» WORK INSTRUCTION
Below, locate the line that contains "- INKLAPBAAR &". Repeat exactly from that line to the line that contains "参观结束后,我们前往沙漠游乐", inclusive, leaving out the pictures.

START DATA FOR REVIEW

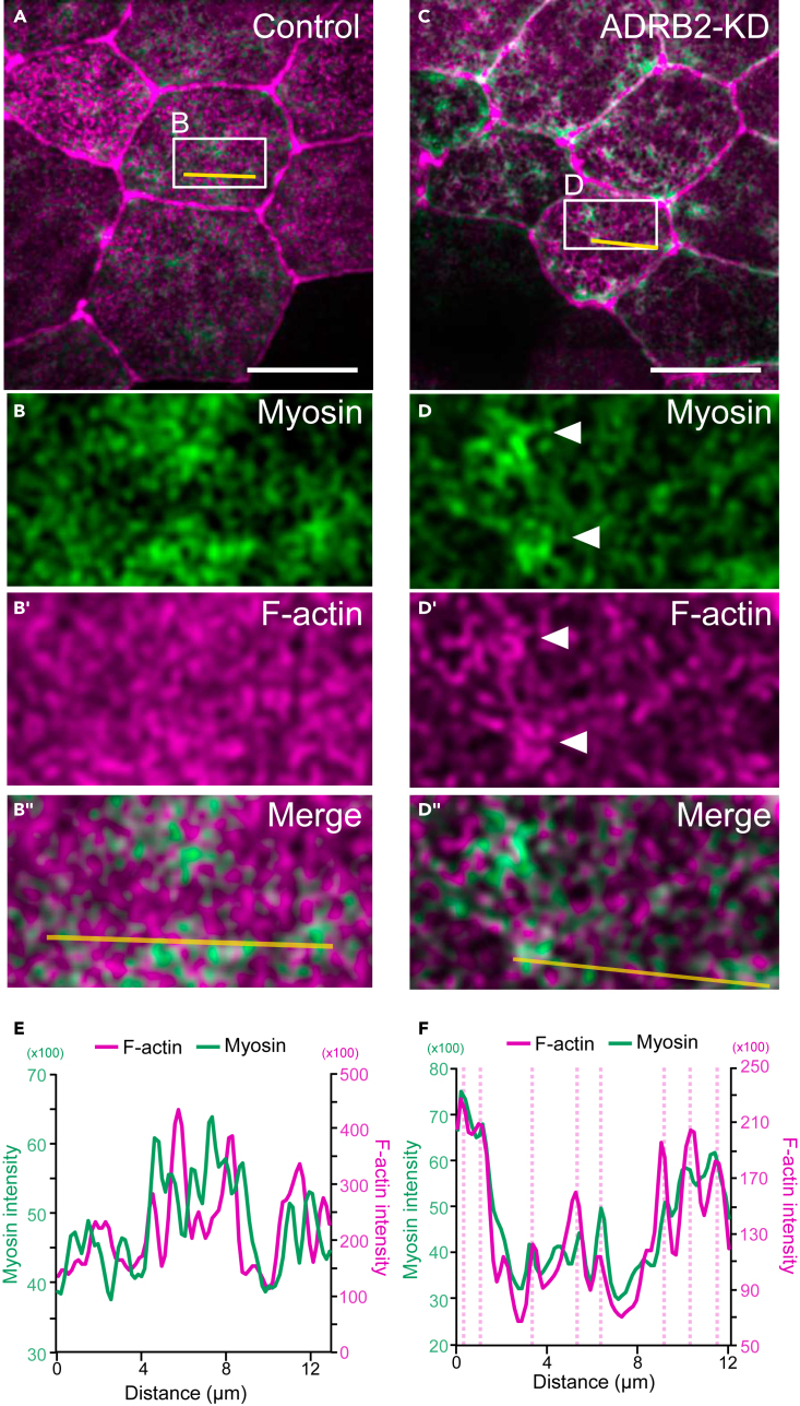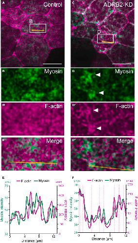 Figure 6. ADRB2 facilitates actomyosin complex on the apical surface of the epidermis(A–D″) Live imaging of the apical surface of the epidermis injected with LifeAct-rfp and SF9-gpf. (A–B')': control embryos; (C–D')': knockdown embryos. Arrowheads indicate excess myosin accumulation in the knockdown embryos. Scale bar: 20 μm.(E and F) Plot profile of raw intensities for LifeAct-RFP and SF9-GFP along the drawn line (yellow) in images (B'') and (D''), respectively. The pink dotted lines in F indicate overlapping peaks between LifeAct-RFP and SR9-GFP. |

END DATA FOR REVIEW
START DATA FOR REVIEW

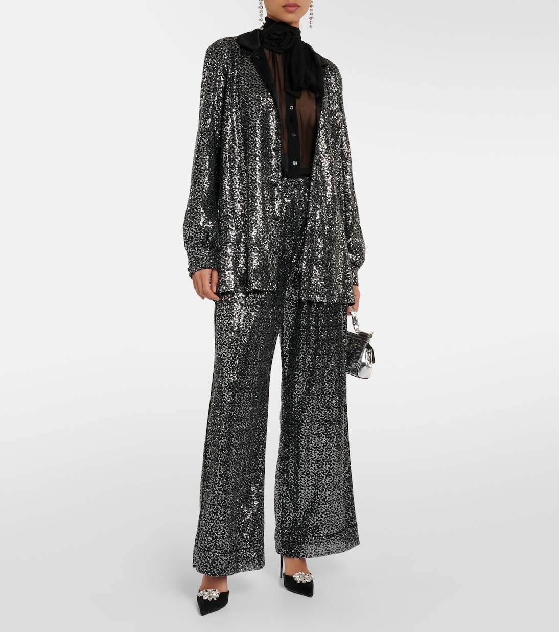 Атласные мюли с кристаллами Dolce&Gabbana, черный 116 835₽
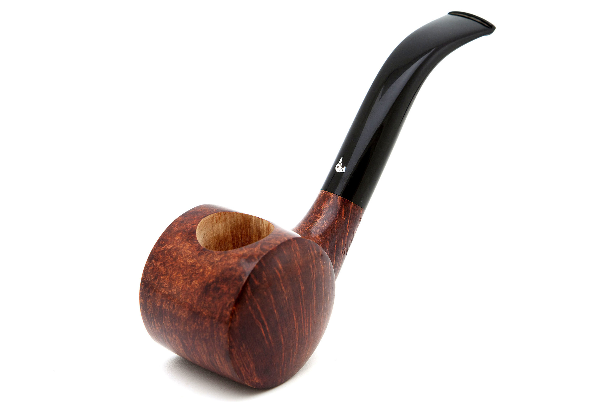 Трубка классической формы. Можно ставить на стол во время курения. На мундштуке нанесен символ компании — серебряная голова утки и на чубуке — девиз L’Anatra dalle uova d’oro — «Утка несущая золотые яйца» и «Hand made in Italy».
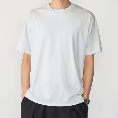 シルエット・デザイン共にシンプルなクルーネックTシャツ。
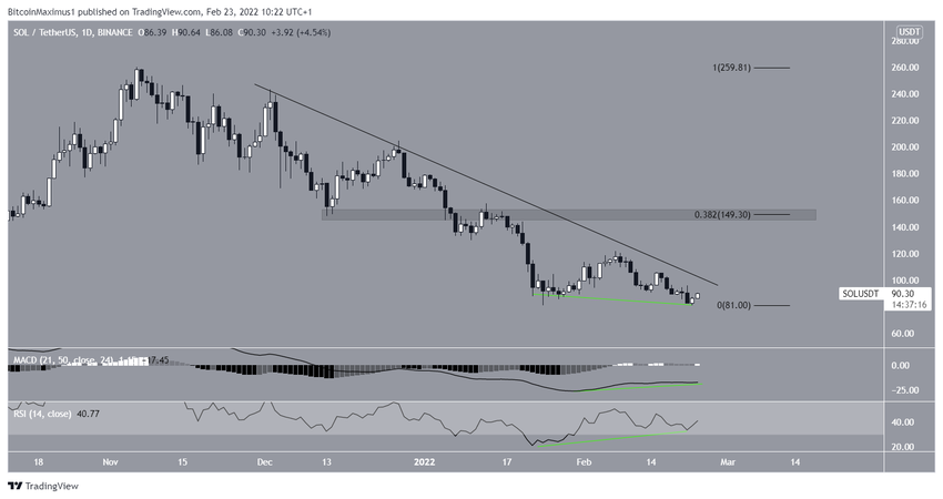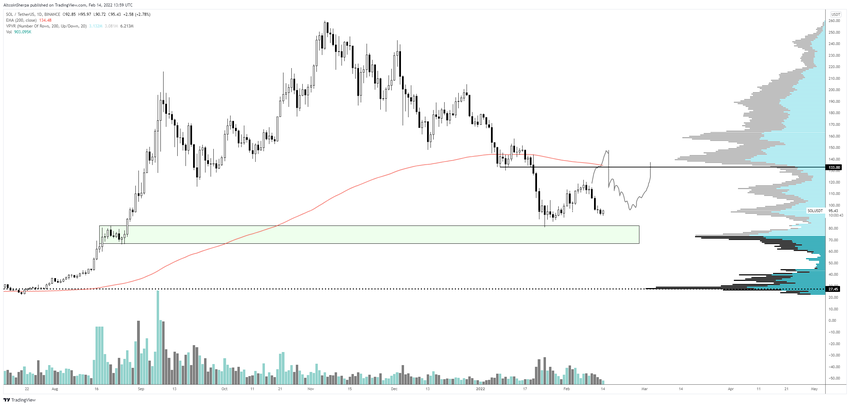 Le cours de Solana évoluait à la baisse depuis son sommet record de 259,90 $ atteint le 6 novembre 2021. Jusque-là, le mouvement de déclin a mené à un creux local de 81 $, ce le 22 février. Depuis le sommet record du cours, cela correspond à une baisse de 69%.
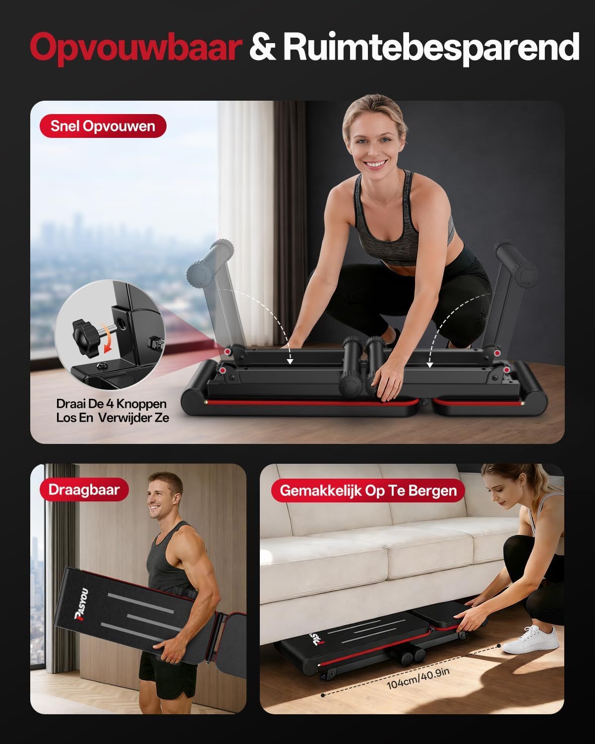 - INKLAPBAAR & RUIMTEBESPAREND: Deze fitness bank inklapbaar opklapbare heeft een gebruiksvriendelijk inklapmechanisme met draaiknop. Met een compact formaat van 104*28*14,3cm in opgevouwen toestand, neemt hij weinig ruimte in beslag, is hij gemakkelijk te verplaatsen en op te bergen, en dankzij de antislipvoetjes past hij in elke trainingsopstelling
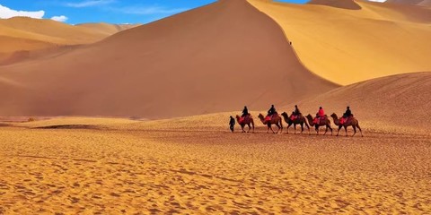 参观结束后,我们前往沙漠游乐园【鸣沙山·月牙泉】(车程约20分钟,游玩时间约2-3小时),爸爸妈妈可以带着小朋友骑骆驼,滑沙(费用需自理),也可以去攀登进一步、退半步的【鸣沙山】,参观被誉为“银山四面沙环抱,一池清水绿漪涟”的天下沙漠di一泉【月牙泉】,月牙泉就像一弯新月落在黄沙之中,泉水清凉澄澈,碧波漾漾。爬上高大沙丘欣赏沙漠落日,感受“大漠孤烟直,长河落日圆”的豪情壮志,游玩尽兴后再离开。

END DATA FOR REVIEW

» TASK OUTPUT
 - INKLAPBAAR & RUIMTEBESPAREND: Deze fitness bank inklapbaar opklapbare heeft een gebruiksvriendelijk inklapmechanisme met draaiknop. Met een compact formaat van 104*28*14,3cm in opgevouwen toestand, neemt hij weinig ruimte in beslag, is hij gemakkelijk te verplaatsen en op te bergen, en dankzij de antislipvoetjes past hij in elke trainingsopstelling
 参观结束后,我们前往沙漠游乐园【鸣沙山·月牙泉】(车程约20分钟,游玩时间约2-3小时),爸爸妈妈可以带着小朋友骑骆驼,滑沙(费用需自理),也可以去攀登进一步、退半步的【鸣沙山】,参观被誉为“银山四面沙环抱,一池清水绿漪涟”的天下沙漠di一泉【月牙泉】,月牙泉就像一弯新月落在黄沙之中,泉水清凉澄澈,碧波漾漾。爬上高大沙丘欣赏沙漠落日,感受“大漠孤烟直,长河落日圆”的豪情壮志,游玩尽兴后再离开。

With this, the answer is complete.